Entries taken from a collection

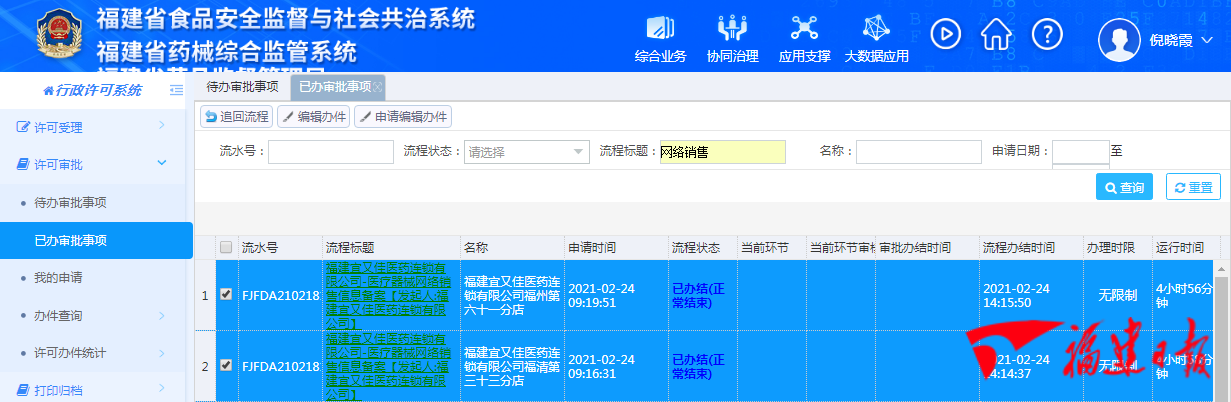 臺(tái)海網(wǎng)2月25日訊 據(jù)福建日?qǐng)?bào)·新福建APP報(bào)道 “在以前,我們公司有100多家門店,可要準(zhǔn)備百來套材料跑窗口,而現(xiàn)在,我上午在辦公室的電腦上提交申報(bào)材料,不一會(huì)兒就通過審核,在電腦上就可以查詢獲取結(jié)果了,這實(shí)在是太‘速度’,太方便了。”福建宜又佳醫(yī)藥連鎖有限公司經(jīng)辦人郭文輝連用兩個(gè)“太”表達(dá)對(duì)醫(yī)療器械網(wǎng)絡(luò)銷售信息備案實(shí)行全流程網(wǎng)辦的喜悅。
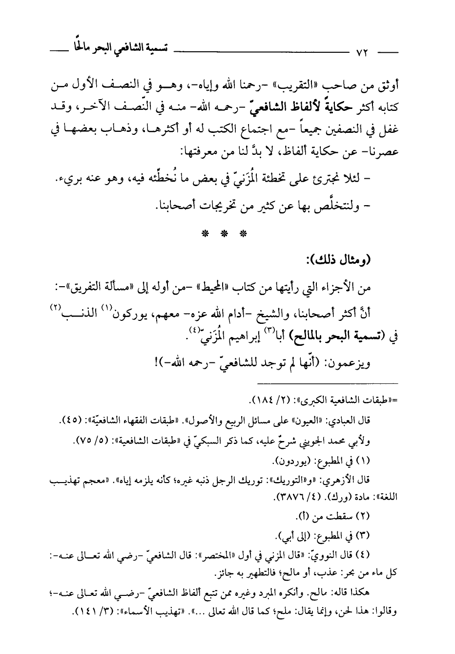 أن أكثر أصحابنا، والشيخ -أدام الله عزه- معهم، يوركون الذنب (في تسمية البحر بالمالح) أبا إبراهيم المزني.
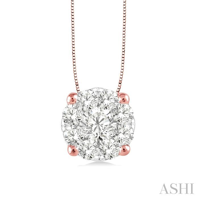 A captivating design, this lovebright diamond pendant is an exceptional gift for your sweetheart. Beautifully crafted in luminous 14 karat rose and white gold this gorgeous diamond pendant features 9 round cut diamonds, perfectly invisible set. This pendant hangs with a fashionable box chain. Total diamond weight is 1/2 ctw. Other metal types & colors may be available.
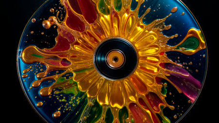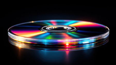 A vibrant optical disc displays an array of colorful reflections on a black surface, showcasing technology and media themes for creative projects.
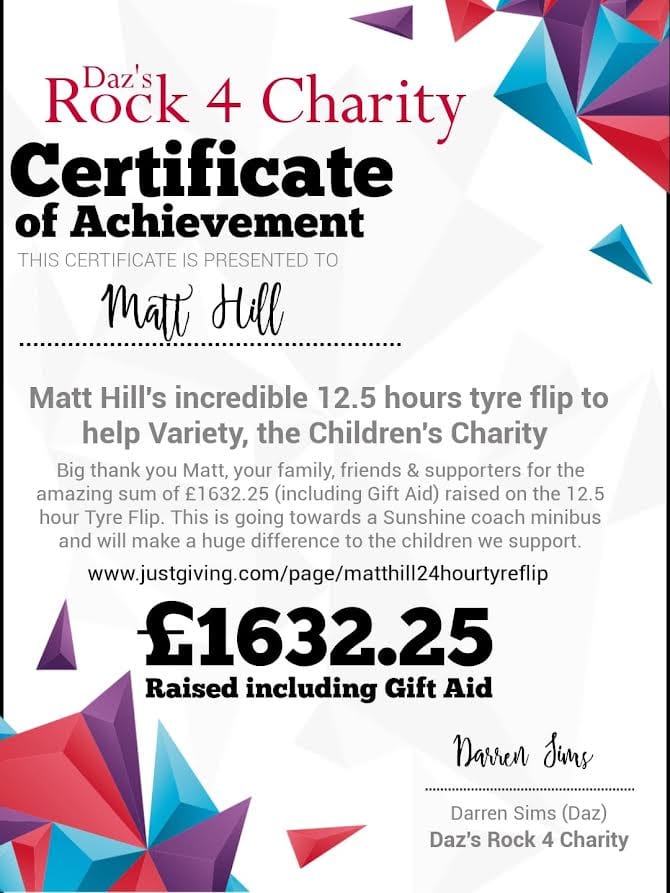 Matt Hill has accomplished an extraordinary 12.5-hour tyre-flip challenge, raising £1,632.25 for Variety, a local children’s charity.
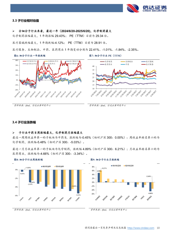 分细分子行业来看,最近一年(2024/6/20-2025/6/20),化学制药涨幅最大,为29.43%,PE(TTM)为29.34倍。医疗器械跌幅最大,为-4.12%,PE(TTM)为28.91倍。医疗服务、生物制品、中药、医药商业一年期变动分别为22.41%、-1.01%、-1.84%、-2.35%。

INSTRUCTIONS TO FOLLOW: Give back the data exactly. Pictures stay out.

FINAL ANSWER:
 臺(tái)海網(wǎng)2月25日訊 據(jù)福建日?qǐng)?bào)·新福建APP報(bào)道 “在以前,我們公司有100多家門店,可要準(zhǔn)備百來套材料跑窗口,而現(xiàn)在,我上午在辦公室的電腦上提交申報(bào)材料,不一會(huì)兒就通過審核,在電腦上就可以查詢獲取結(jié)果了,這實(shí)在是太‘速度’,太方便了。”福建宜又佳醫(yī)藥連鎖有限公司經(jīng)辦人郭文輝連用兩個(gè)“太”表達(dá)對(duì)醫(yī)療器械網(wǎng)絡(luò)銷售信息備案實(shí)行全流程網(wǎng)辦的喜悅。
 أن أكثر أصحابنا، والشيخ -أدام الله عزه- معهم، يوركون الذنب (في تسمية البحر بالمالح) أبا إبراهيم المزني.
 A captivating design, this lovebright diamond pendant is an exceptional gift for your sweetheart. Beautifully crafted in luminous 14 karat rose and white gold this gorgeous diamond pendant features 9 round cut diamonds, perfectly invisible set. This pendant hangs with a fashionable box chain. Total diamond weight is 1/2 ctw. Other metal types & colors may be available.
 A vibrant optical disc displays an array of colorful reflections on a black surface, showcasing technology and media themes for creative projects.
 Matt Hill has accomplished an extraordinary 12.5-hour tyre-flip challenge, raising £1,632.25 for Variety, a local children’s charity.
 分细分子行业来看,最近一年(2024/6/20-2025/6/20),化学制药涨幅最大,为29.43%,PE(TTM)为29.34倍。医疗器械跌幅最大,为-4.12%,PE(TTM)为28.91倍。医疗服务、生物制品、中药、医药商业一年期变动分别为22.41%、-1.01%、-1.84%、-2.35%。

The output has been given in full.